**Work instruction:** Once the pictures are set aside, copy the data below exactly as it stands.
====================
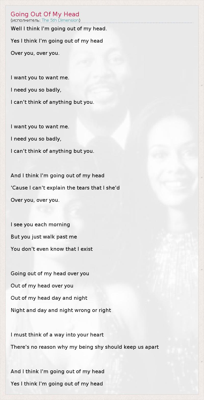 Well I think I'm going out of my head. Yes I think I'm going out of my head Over you, over you. I want you to want me. I need you so badly, I can't think of anything but you. I want you to want me. I need you so badly, I can't think of anything but you. And I think I'm going out of my head 'Cause I can't explain the tears that I she'd Over you, over you. I see you each morning But you just walk past me You don't even know that I exist Going out of my head over you Out of my head over you Out of my head day and night Night and day and night wrong or right I must think of a way into your heart There's no reason why my being shy should keep us apart And I think I'm going out of my head Yes I think I'm going out of my head
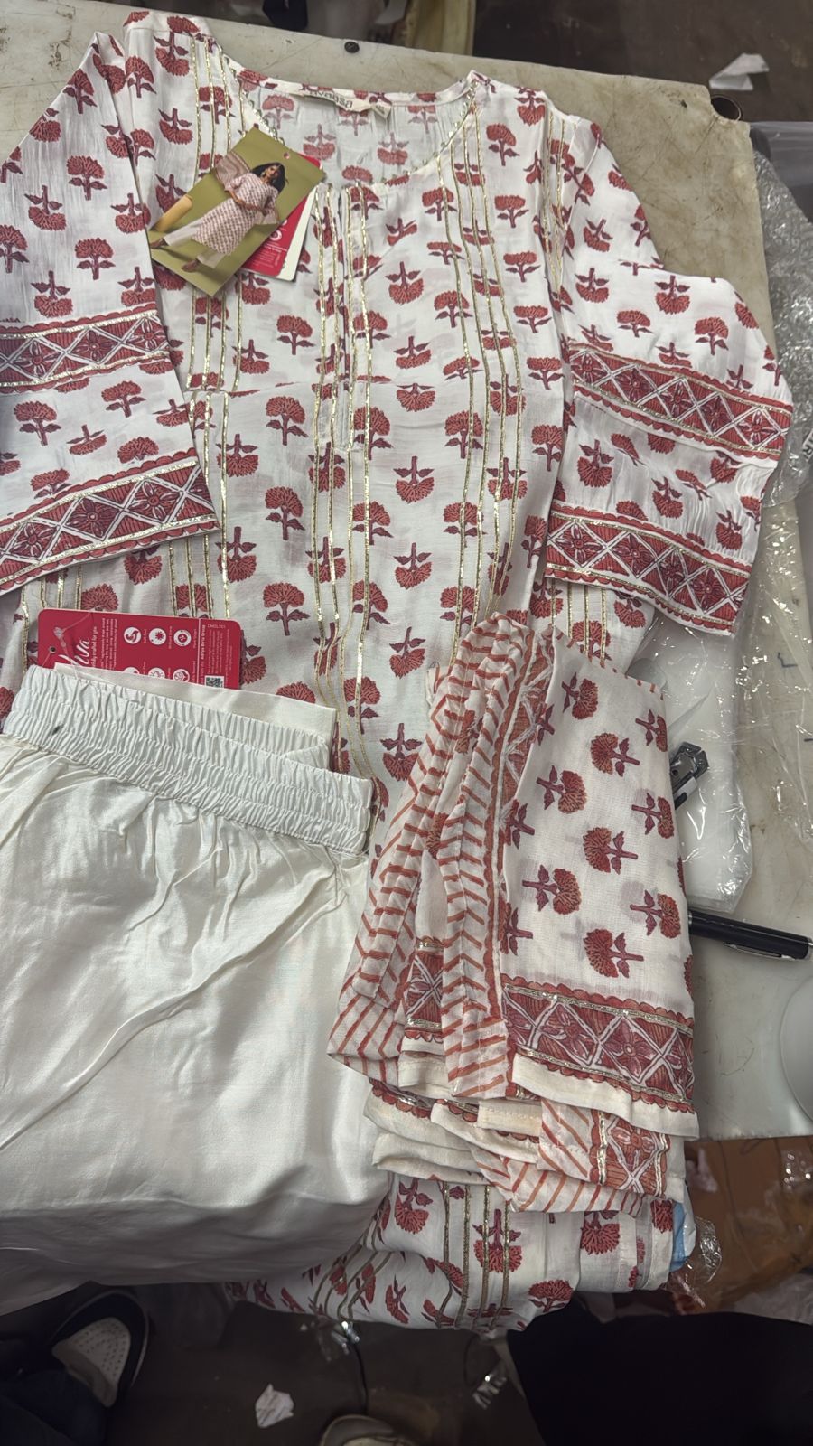 Avaasa Women Kurta Set Off White Color With Dupatta Size L
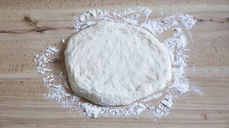 - Place the ball of dough on a floured work surface and sprinkle a little flour on top.
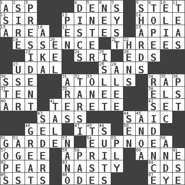 ACROSS 1. Cleo's killer 4. Habitations of wild animals 8. Proofreading order 12. Title for a knight 13. Abounding in pines 14. Opening into or through something 15. Length times width 17. _____ Park, CO 18. Capital of Western Samoa 19. Substance 21. Trios 23. D.D.E's nickname 24. _ Lanka 26. Begley and Asner 27. Allodial 28. Without 30. Compass dir. 31. Ringlike coral islands and reefs 34. Reproach for some lapse or misdeed 37. Nine, plus one 38. The wife of a rajah (variant) 39. Raised railways 40. Tate display 41. Cigar-shaped 42. Arrange properly for use 43. Backtalk 44. Ketch in the Levant 46. Set 47. ___ a Wonderful Life 50. Conclude 51. Place where plants grow 54. Normal relaxed breathing 57. Double curve, resembling the letter S 58. Showery time 60. Queen of England 1702-14 62. Lightbulb-shaped fruit 63. Difficult 64. Music discs 65. Fast planes 66. Lyric poems 67. Sight organ DOWN 1. White ___ sheet 2. The founder of a family 3. Elected leader of a country 4. Flat circles 5. Keyboard key 6. Born 7. System (abbr.) 8. Broken pieces 9. Drinks excessively 10. Writer Wiesel 11. Afternoon social gatherings 13. Animal enclosure 16. "____ silly question..." 20. Snakelike fish 22. Coop moms 25. Small island 27. One who uses or employs something 29. Toward shelter 30. R.R. building 31. Ancient Greek god of war 32. Tarsus (plural) 33. Single 34. Dwelling 35. Actor Baldwin 36. Pacific Standard Time (abbr.) 41. Lie 43. Spring feasts 44. Elected rep. 45. Small Philippine buffalo 46. Relatively large 48. Laconic 49. Sets of matching outer garments 51. Republicans 52. Grows older 53. Billionth: prefix 55. Travel a route regularly 56. "60 Minutes" Commentator Rooney 59. Groovy apt. 61. Compass dir.
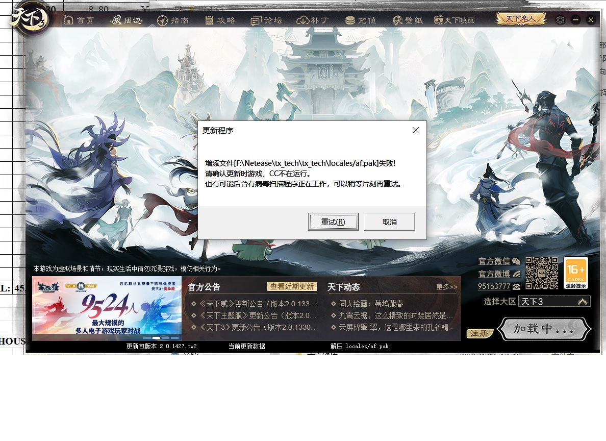 今天更新开天引擎结果一直提示有个文件不能更新
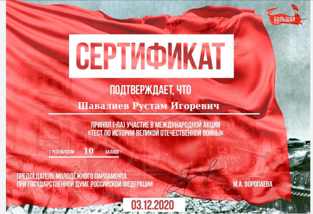 03 декабря 2020 года в День Неизвестного солдата в России в Набережночелнинской школе № 87 прошло тестирование учащихся 9-12 классов в рамках Международной акции «Тест по истории Великой Отечественной войны» (International action «History test of the victory over fascism») международного проекта «Большая история». Наша школа была зарегестрирована как площадка проведения данного тестирования. Учащиеся и педагоги приняли активное участие в данном опросе и получили памятные сертификаты. Неизгладимое впечатление произвел на участников просмотр видеофильма «Неизвестный Солдат» , подготовленный Молодежным парламентом при Государственной Думе.
====================
**Solution for this exercise:**
 Well I think I'm going out of my head. Yes I think I'm going out of my head Over you, over you. I want you to want me. I need you so badly, I can't think of anything but you. I want you to want me. I need you so badly, I can't think of anything but you. And I think I'm going out of my head 'Cause I can't explain the tears that I she'd Over you, over you. I see you each morning But you just walk past me You don't even know that I exist Going out of my head over you Out of my head over you Out of my head day and night Night and day and night wrong or right I must think of a way into your heart There's no reason why my being shy should keep us apart And I think I'm going out of my head Yes I think I'm going out of my head
 Avaasa Women Kurta Set Off White Color With Dupatta Size L
 - Place the ball of dough on a floured work surface and sprinkle a little flour on top.
 ACROSS 1. Cleo's killer 4. Habitations of wild animals 8. Proofreading order 12. Title for a knight 13. Abounding in pines 14. Opening into or through something 15. Length times width 17. _____ Park, CO 18. Capital of Western Samoa 19. Substance 21. Trios 23. D.D.E's nickname 24. _ Lanka 26. Begley and Asner 27. Allodial 28. Without 30. Compass dir. 31. Ringlike coral islands and reefs 34. Reproach for some lapse or misdeed 37. Nine, plus one 38. The wife of a rajah (variant) 39. Raised railways 40. Tate display 41. Cigar-shaped 42. Arrange properly for use 43. Backtalk 44. Ketch in the Levant 46. Set 47. ___ a Wonderful Life 50. Conclude 51. Place where plants grow 54. Normal relaxed breathing 57. Double curve, resembling the letter S 58. Showery time 60. Queen of England 1702-14 62. Lightbulb-shaped fruit 63. Difficult 64. Music discs 65. Fast planes 66. Lyric poems 67. Sight organ DOWN 1. White ___ sheet 2. The founder of a family 3. Elected leader of a country 4. Flat circles 5. Keyboard key 6. Born 7. System (abbr.) 8. Broken pieces 9. Drinks excessively 10. Writer Wiesel 11. Afternoon social gatherings 13. Animal enclosure 16. "____ silly question..." 20. Snakelike fish 22. Coop moms 25. Small island 27. One who uses or employs something 29. Toward shelter 30. R.R. building 31. Ancient Greek god of war 32. Tarsus (plural) 33. Single 34. Dwelling 35. Actor Baldwin 36. Pacific Standard Time (abbr.) 41. Lie 43. Spring feasts 44. Elected rep. 45. Small Philippine buffalo 46. Relatively large 48. Laconic 49. Sets of matching outer garments 51. Republicans 52. Grows older 53. Billionth: prefix 55. Travel a route regularly 56. "60 Minutes" Commentator Rooney 59. Groovy apt. 61. Compass dir.
 今天更新开天引擎结果一直提示有个文件不能更新
 03 декабря 2020 года в День Неизвестного солдата в России в Набережночелнинской школе № 87 прошло тестирование учащихся 9-12 классов в рамках Международной акции «Тест по истории Великой Отечественной войны» (International action «History test of the victory over fascism») международного проекта «Большая история». Наша школа была зарегестрирована как площадка проведения данного тестирования. Учащиеся и педагоги приняли активное участие в данном опросе и получили памятные сертификаты. Неизгладимое впечатление произвел на участников просмотр видеофильма «Неизвестный Солдат» , подготовленный Молодежным парламентом при Государственной Думе.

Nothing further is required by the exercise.